### Input data

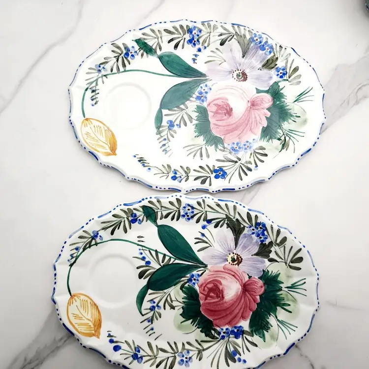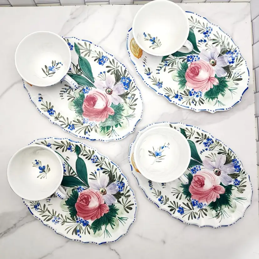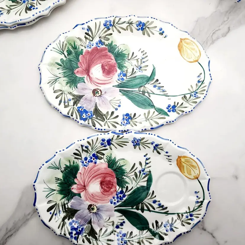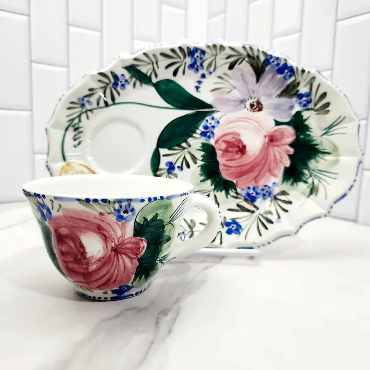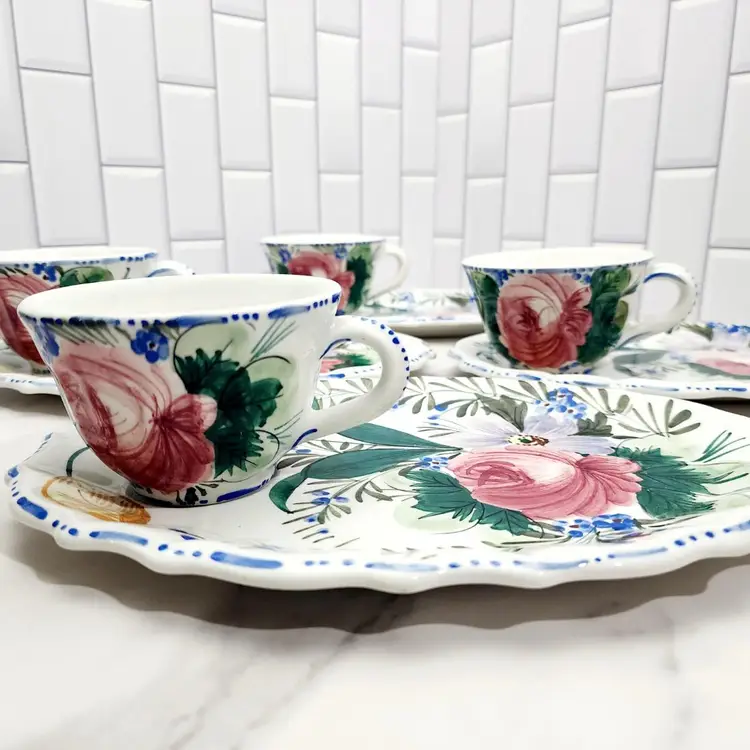 Vintage oval snack plates with cups. Handpainted with Pink, Purple & Blue Flowers in Italy each is slightly different. Plates are 10in by 7in. Cup 7oz to the rim. Pattern: Nove Rose Made by: Italy Condition: Pre-owned. Excellent condtion. No Chips, Cracks or Crazing.
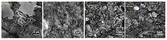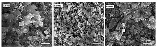 Figure 6 represents the SEM images of the samples with no evident pitting corrosion (A5, A6, B5, B6). It can be noticed that the SEM image of point B5 shows a spherical mineral aggregate. Meanwhile, the caption of the B6 image shows possible sulfur grains.
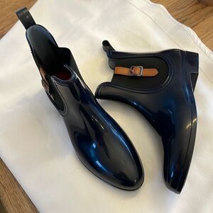 HENRY FERRERA COLLECTION NAVY RAIN BOOTIES. STYLE IS CLARITY. NEW IN BOX. CUTE BUCKLE DETAIL
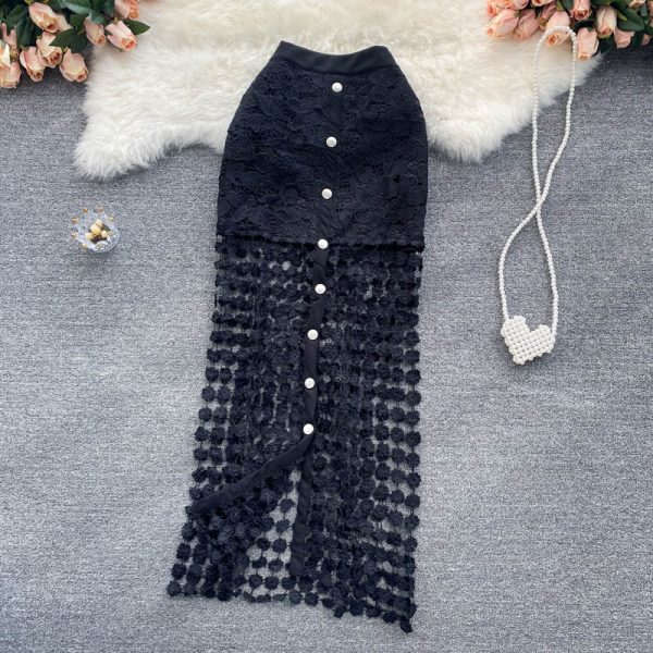 Sexy Black/White Hollow Out Lace Skirt Women Elegant Buttons Patchwork Party Faldas Female High Waist Saias Summer New
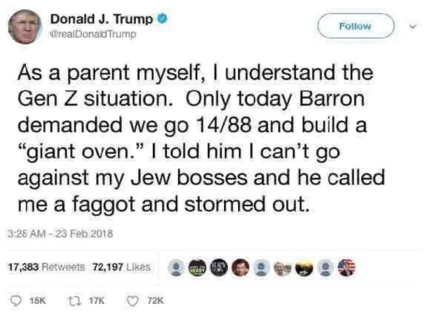 Kook !!rcSrAtaAC joined in and replied with this 1 year ago , 20 minutes later, 52 minutes after the original post[^] [v] #1,342,372 I do believe that Trumps son would call him a faggot
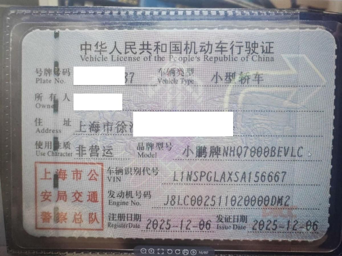 初次登记日期 2025-12-06 车辆名称 小鹏牌
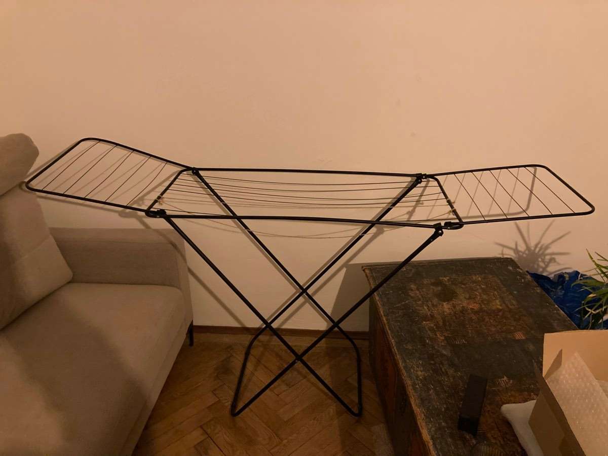 Ein großer stabiler Wäscheständer. Zwei fehlende Stangen wurden mit Schnur ersetzt.
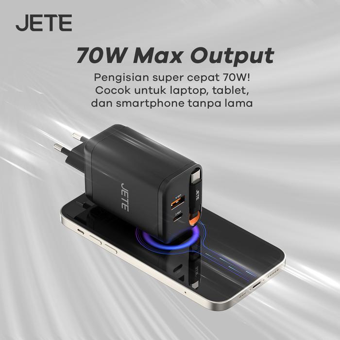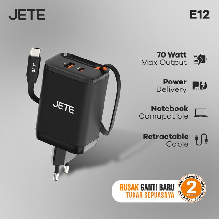 Charger HP 70Watt JETE E12 Fast Charging Notebook Compatible with Builtin Cable Retracable - Garansi
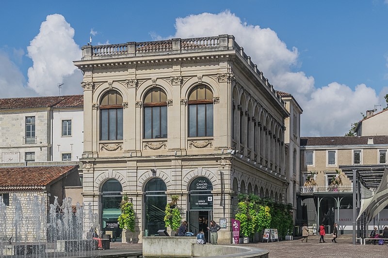 La bibliothèque municipale de Cahors, située place François-Mitterrand sur le boulevard Léon-Gambetta, est un monument historique. Ses origines remontent à 1790, quand elle fut installée dans deux grandes pièces de l'école centrale, ancien collège des Jésuites, et gérée par cet établissement. La collection initiale provient des bibliothèques monastiques de la ville réquisitionnées pendant la Révolution. La gestion fut confiée à la municipalité le 8 pluviôse an XI (28 janvier 1803). Le premier catalogue est daté de 1803 ; il fut cependant mis au point en 1877 par François Cangardel et sert encore aujourd'hui. À la fin du XIXe siècle la bibliothèque est transférée dans un bâtiment spécialement construit, dont la construction fut confiée à l'architecte départemental Jean Rodolosse en 1895. Le projet, que l'on situe autour de 1890, a vu son gros-œuvre réalisé sous sa direction entre 1895 et 1899 ; Rodolosse avait envisagé une aile basse le long des allées Fénelon destinée à un promenoir et au musée, projet non réalisé. Le bâtiment rectangulaire est organisé en travées régulières sur deux niveaux et la structure prévoyait à l'origine un rez-de-chaussée largement évidé. Une ligne de poteaux en fonte soutient des poutres et porte des corbeaux en pierre alternant avec des piles de pierre ; ces éléments, rejetés derrière la façade principale, ponctuaient des espaces conçus pour des commerces et visaient à limiter les risques d'incendie. Les aménagements intérieurs de la salle de lecture furent exécutés sur les plans et devis de son prédécesseur et supervisés entre 1902 et 1908 par l'architecte Émile Toulouse. Le large escalier en bois à deux volées, éclairé par une verrière sommitale, est traité en faux appareil de plâtre au rez-de-chaussée puis en faux lambris à l'étage ; une série de bustes de marbre représentant des personnalités locales du XIXe siècle y est installée. La salle de lecture forme un ensemble très cohérent, avec ses meubles de rangement et ses boiseries murales, conçu selon la tradition héritée du XVIIe siècle comme une longue salle aux murs tapissés de livres et longée de fenêtres à l'est. L'espace central est occupé par des tables de lecture ovales et rectangulaires qui encerclent le calorifère. Le plafond est orné de gypseries : moulures et cordons feuillagés délimitent un vaste ovale ponctué de rosaces, tandis que les côtés nord et sud sont traités en bandes et en faux caissons et que les tympans des baies de l'élévation est portent des cartouches rococo non historiés. Le niveau de l'étage était décoré par de grandes toiles de Laury ; il ne subsiste que le tryptique du rez-de-chaussée, le "Marché Arabe" de 1903, ainsi qu'une "Chasse à cour" conservée au musée. La bibliothèque a bénéficié en 1999 de deux protections au titre des monuments historiques : une inscription pour la façade, la toiture et l'escalier, et un classement pour la salle de lecture. Elle recense 40 000 documents.
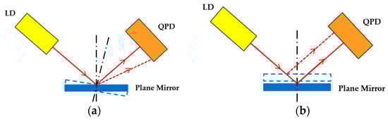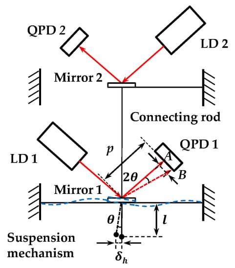 Similarly, when a contact force is applied in vertical, the action on the probe tip will be transferred to the upper elastic mechanism through the connecting rod. The floating plate 1 will only have a translation in vertical since its angular displacement is limited by the centrally symmetrical leaf spring 1; the x signal from QPD 1 will have a new output that is a cross-talk error and can be reduced by the decoupling method in Section 4. The floating plate 2 will have both a translation in vertical and an angular displacement, the signal from QPD 2 corresponding to the signal of QPD1 will also have a new output, which is used as the sensing signal in vertical, the sensing principle is shown in Figure 3. Therefore, the voltage signal corresponding to probe tip’s displacement in z direction can be defined as follows:
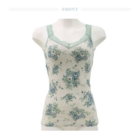 ブラジャー無しで1枚で楽に着られると人気のカップ付きキャミソールです。フロントからストラップ、背中に続くボーラーレースが華やか。背中に裏地がないのでソフトな着用感。カップ裏とアンダー部分には綿ベア天を使用し、肌への優しさにもこだわりました。

### What is required
Everything above from the line that has "Figure 6 represents" down to the line that has "Charger HP 70Watt" should be output exactly, with both of those lines included. Leave the pictures behind.

### Result of the exercise
 Figure 6 represents the SEM images of the samples with no evident pitting corrosion (A5, A6, B5, B6). It can be noticed that the SEM image of point B5 shows a spherical mineral aggregate. Meanwhile, the caption of the B6 image shows possible sulfur grains.
 HENRY FERRERA COLLECTION NAVY RAIN BOOTIES. STYLE IS CLARITY. NEW IN BOX. CUTE BUCKLE DETAIL
 Sexy Black/White Hollow Out Lace Skirt Women Elegant Buttons Patchwork Party Faldas Female High Waist Saias Summer New
 Kook !!rcSrAtaAC joined in and replied with this 1 year ago , 20 minutes later, 52 minutes after the original post[^] [v] #1,342,372 I do believe that Trumps son would call him a faggot
 初次登记日期 2025-12-06 车辆名称 小鹏牌
 Ein großer stabiler Wäscheständer. Zwei fehlende Stangen wurden mit Schnur ersetzt.
 Charger HP 70Watt JETE E12 Fast Charging Notebook Compatible with Builtin Cable Retracable - Garansi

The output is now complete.